Working closely with police officers and first responders forensic analysts are tasked with collecting and/or examining crime scene evidence.
They play an important part in learning more about the crime, the person who committed the offense, and to include or eliminate a specific person as a potential suspect.
In this guide we have discussed the possibility of whether you can become a police officer if you have mental illness such as depression. We have also discussed the possibility of alternate careers in law enforcement.
Frequently asked questions related to “can you be a police officer with depression?”
Can you become a police officer with mental health issues?
Generally, psychotic illnesses do not resolve, although they may be well-controlled with medication. Due to the nature of the condition and policing duties, applicants are not suitable for Policing.
Can police officers have anxiety?
Police officers show not only high levels of PTSD, but also depression, anxiety and suicide.29
Can you be a cop if you take antidepressants?
Until now, people wanting to join the police have faced a mandatory two-year wait if they are on, or have been on, antidepressant medication. In practice, those taking the medication usually haven’t been allowed to become police officers. That restriction is now being lifted and replaced by a case-by-case assessment
Can you join the police force if you are colorblind?

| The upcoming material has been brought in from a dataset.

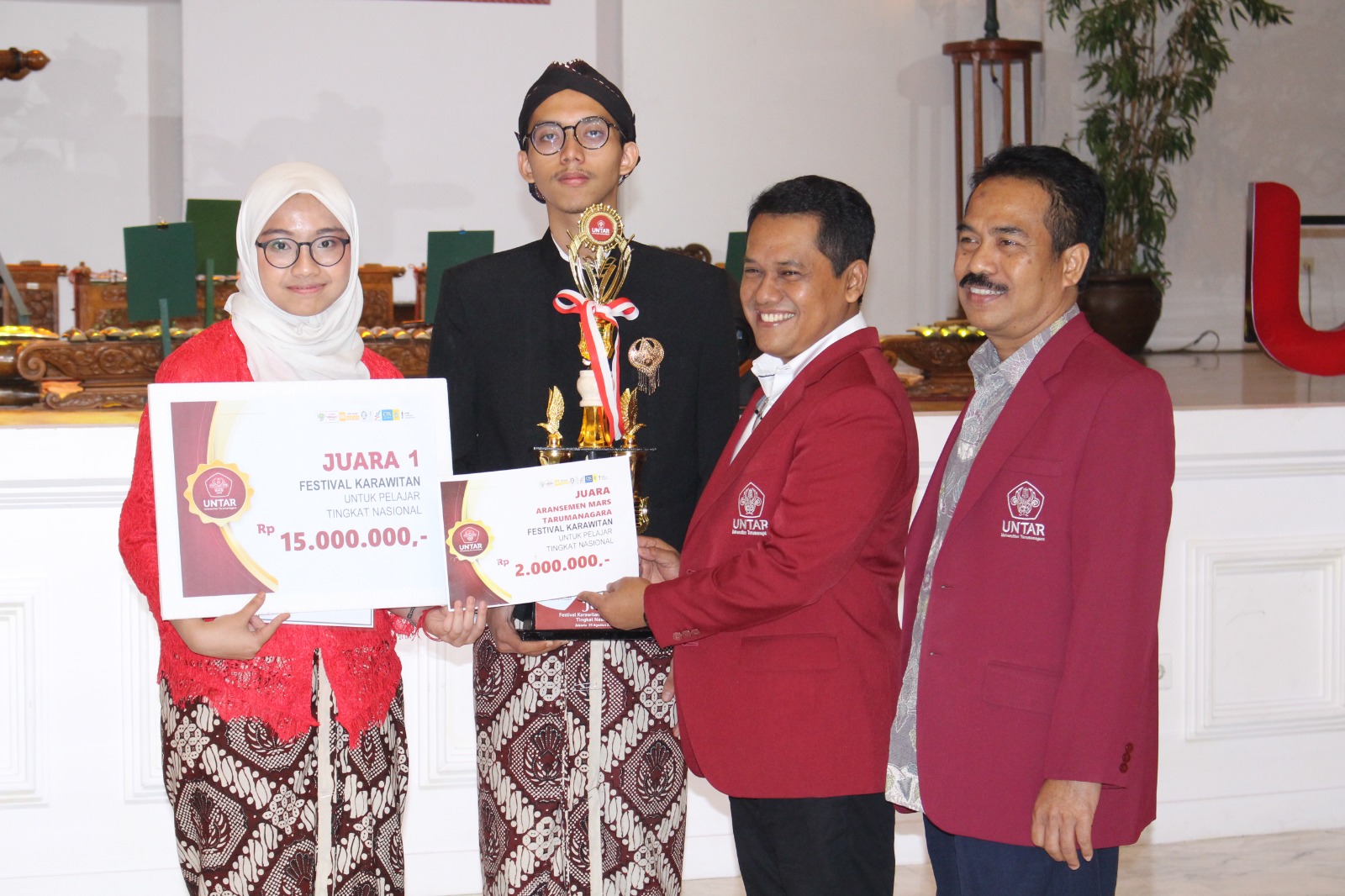 Festival Karawitan ini digelar dalam rangka menyambut HUT Untar ke-64. Ada 8 peserta yang ikut dalam festival ini. Mereka berasal dari sekolah jenjang SMP, SMA/SMK di Jakarta maupun luar Jakarta. Para pelajar tampil menakjubkan memainkan alat music karawitan seperti Demung, Bonang, Gambang dan Kenong.

Can you become a police officer if you are colour blind? Those with colour blindness are eligible to become police officers, but would be restricted from fulfilling certain posts, such as traffic officer or firearms officer. If your colour blindness is monochrome, you would be unable to apply.
What causes police stress?
According to the article, “Police Stress: Identifying & Managing Symptoms of Stress,” these stresses are caused by: Constant exposure to people suffering distress and pain. Threats to an officer’s safety or health. The responsibility of protecting the lives of citizens.